Research Paper

Gaussian Splatting SLAM

A live SLAM system that uses 3D Gaussians as the unified representation for tracking, mapping, and high-quality rendering.

December 2023Monocular SLAMarXiv:2312.06741

Detailed Reading

Gaussian Splatting SLAM asks whether Gaussians can replace the usual SLAM map representation. Instead of building a sparse map for tracking and a separate dense model for viewing, it uses one Gaussian map for both camera localization and photorealistic reconstruction.

The method tracks by rendering the current Gaussian scene and directly optimizing the camera pose against the live image. Mapping then updates the Gaussian representation incrementally, with geometric verification to reduce the ambiguity that appears when a monocular camera has limited depth information.

Its significance is the unified representation. If tracking, mapping, and viewing all use Gaussians, AR systems could in principle build visually rich maps while moving through the world. The hard part is stability: monocular scale, drift, and incremental errors are unforgiving.

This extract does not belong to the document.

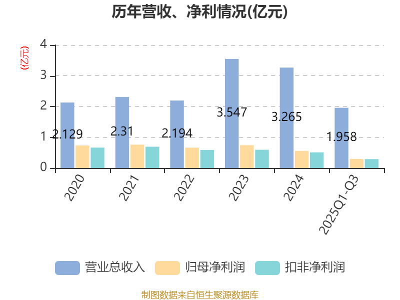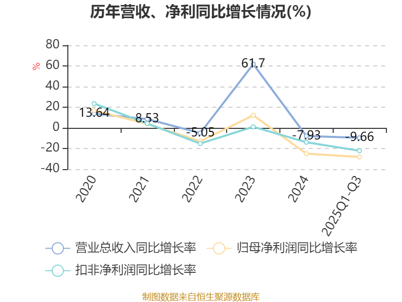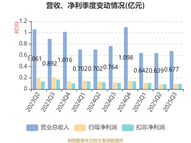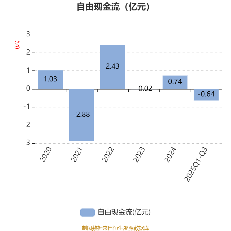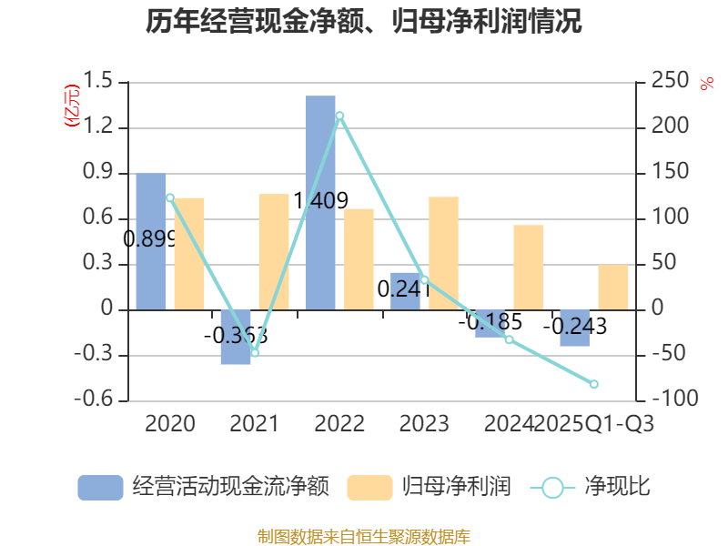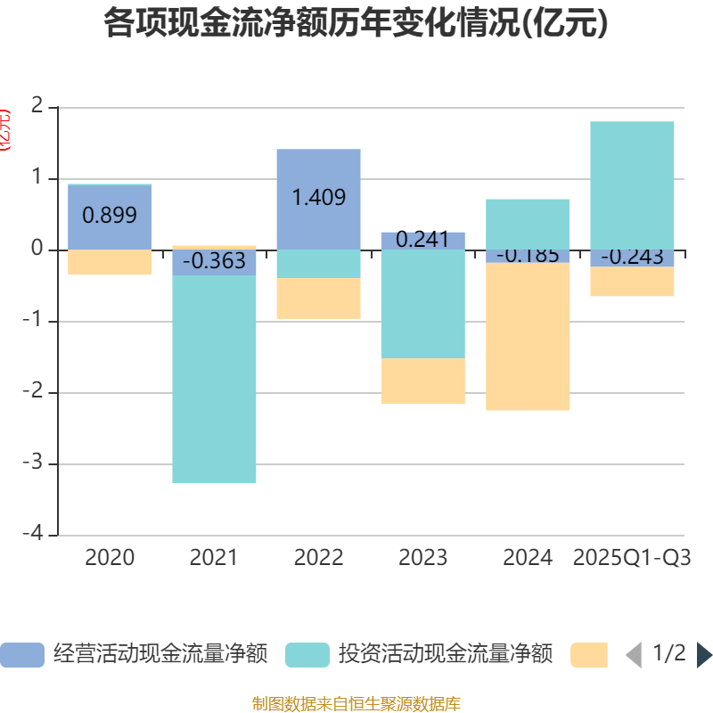 2025年前三季度,公司经营活动现金流净额为-2425.87万元,同比减少861.66万元;筹资活动现金流净额-4096.98万元,同比增加1.61亿元;投资活动现金流净额1.8亿元,上年同期为1.04亿元。

Gaussian Splatting SLAM studies whether a live monocular or RGB-D system can use Gaussians as the central map. The attraction is clear: a Gaussian map is both a geometric proxy for tracking and a photorealistic representation for visualization. The difficulty is that SLAM has to remain stable while the map is incomplete and poses are uncertain.

The method combines tracking, keyframe management, mapping, and Gaussian optimization. New frames are aligned against rendered predictions from the current map; keyframes provide supervision for map updates; Gaussians are added and refined as coverage grows. This creates a feedback loop where better poses improve the map and a better map improves tracking.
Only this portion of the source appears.